Plain English + a slow PyTorch reference → a verified, benchmarked, annotated CUDA kernel.

cuda-engine is a Python library and CLI that turns a natural-language description and a reference PyTorch function into a CUDA kernel that compiles, matches the reference within tolerance on a real GPU, and benchmarks against torch.compile.
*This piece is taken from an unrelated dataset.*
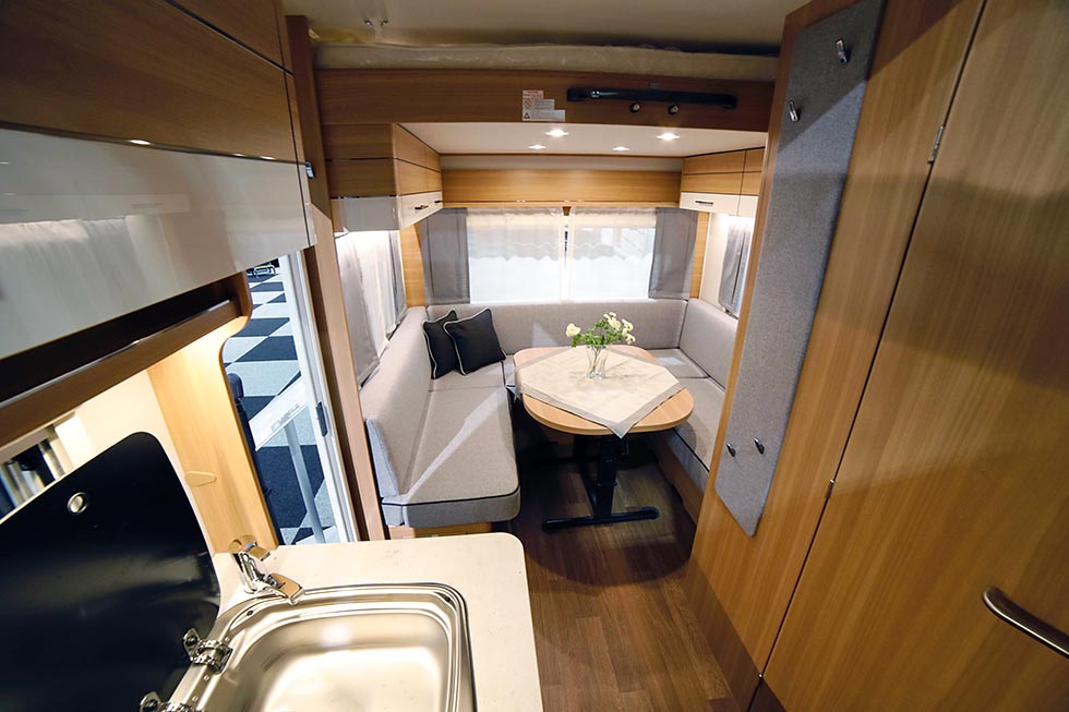For når senkesengen er ute av bildet åpenbarer sittegruppen seg. Den hesteskoformede rundsitteren er romslig og har plass til hele storfamilien. Det er relativt romslige overskap som er festet i underkant av senkesengen på de to kortsidene. Under sofaen er det som man kan forvente lagringsplass. Kjøkken og bad er plassert overfor hverandre. Ved siden av badet står kjøleskapet og det typiske romslige hengeskapet med Truma 3000-serie varmeren. Denne kombinasjonen med gassvarmeovn og romslig hengeskap har nesten blitt standard på kompakte vogner med luftbåren varme.

It uses Claude (Anthropic) for a 5-stage agent loop (interview → codegen → correctness → performance → polish) with Nsight-driven perf repair and Sonnet→Opus escalation when budgets bust.

Status: pre-1.0. Implementation is feature-complete through M3; v1.0 release gate (M4) is pending. Internal regression suite, eval runner, nightly CI, and torch.compile baseline measurement are all in place. See docs/milestones/M3-evidence.md for the most recent eval results.


What it does

import torch
from cuda_engine import synthesize

def rms_norm(x):
    return x * (x.float().pow(2).mean(dim=-1, keepdim=True) + 1e-5).rsqrt().to(x.dtype)

result = synthesize(
    prompt="Generate a fp16 RMSNorm kernel without gamma over the last dimension.",
    reference=rms_norm,
    target="sm_80",
)

assert result.passed
assert result.correctness.passed                            # verified vs the reference
assert result.performance.below_target is False             # ≥1.0× torch.compile
print(f"Speedup: {result.performance.speedup_vs_torch_compile:.2f}x")
print(f"Kernel: {result.artifacts_dir}/stage5_polish/final/kernel.cu")
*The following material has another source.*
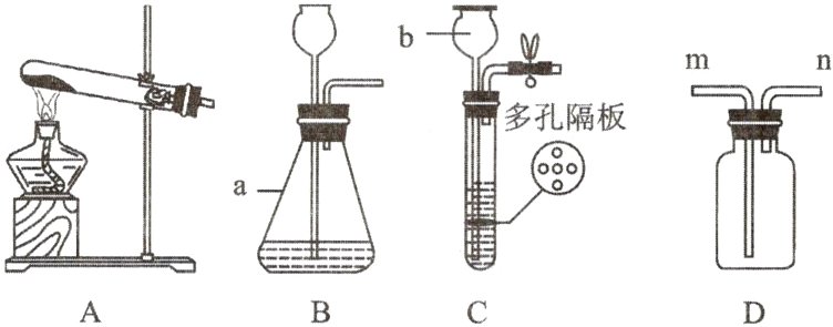 ①实验室制取氨气时选用的发生装置是______(填序号),若用装置D收集氨气,进气口应为______(选填“m”或“n”)端。

Each synthesize() call produces a run directory under ~/.cache/cuda_engine/runs/<run_id>/ containing every prompt sent, every LLM response, every kernel attempt, the final kernel source, the compiled shared object, and the full synthesis trace.


Quickstart

Install

Requires Python 3.11+, CUDA 12.x toolchain (nvcc), PyTorch 2.4+, and an A100-class GPU for end-to-end runs.

pip install cuda-engine    # post-v1.0 release
# or, from source:
git clone https://github.com/shivnarainms22/Cuda-Engine.git
cd Cuda-Engine
pip install -e ".[dev]"

Set your Anthropic key:

export ANTHROPIC_API_KEY=sk-ant-...

CLI

# Synthesize a single kernel
cuda-engine synthesize \
    --prompt "Generate a fp16 RMSNorm kernel without gamma over the last dimension." \
    --reference path/to/rms_norm.py \
    --target sm_80

# Inspect a previous run
cuda-engine inspect <run_id>

# Run the internal eval suite (30 kernels)
cuda-engine eval --suite internal --out evals/results/2026-05-12 --resume

path/to/rms_norm.py should define either a top-level REFERENCE variable or a top-level reference() function.

Library

from cuda_engine import SynthesisConfig, synthesize
from cuda_engine.config import RetryBudgets

result = synthesize(
    prompt="...",
    reference=my_pytorch_fn,
    target="sm_80",
    config=SynthesisConfig(
        retry_budgets=RetryBudgets(codegen=3, performance=2),
        escalate_to_opus_on_bust=True,
        perf_target_speedup_vs_torch_compile=1.0,
    ),
)

See docs/cost.md for tuning retry budgets to bound API spend.


How it works

   prompt + reference.py
            │
            ▼
   ┌─────────────────────┐
   │  Stage 1: Interview │ → KernelSpec (frozen contract)
   └─────────────────────┘
            │
            ▼
   ┌─────────────────────┐
   │  Stage 2: Codegen   │ → kernel.cu + compile.log (hard retry budget)
   └─────────────────────┘
            │
            ▼
   ┌─────────────────────┐    fail → repair via Stage 2
   │  Stage 3: Correct.  │ ──────────┐
   │  HARD GATE          │           │
   └─────────────────────┘           │
            │ pass                   ▼
            ▼                  (loop until pass or budget exhausted)
   ┌─────────────────────┐
   │  Stage 4: Perf      │ → benchmark vs torch.compile
   │  SOFT GATE          │    Nsight-driven repair loop
   │                     │    Sonnet → Opus escalation
   └─────────────────────┘
            │
            ▼
   ┌─────────────────────┐
   │  Stage 5: Polish    │ → annotated kernel.cu (re-verified)
   └─────────────────────┘
            │
            ▼
   SynthesisResult + run_dir
  • Hard gate (Stage 3): kernels that don't match the reference within tolerance fail outright. No exceptions.
  • Soft gate (Stage 4): kernels below the perf target still ship, but with below_target=True and a warning. Stage 4 burns its retry budget on Nsight-driven optimizations, then optionally escalates to Opus.
  • Subprocess isolation: all GPU work happens in a subprocess child. Crashes in user kernels (segfaults, illegal memory access, OOM) don't take down the orchestrator.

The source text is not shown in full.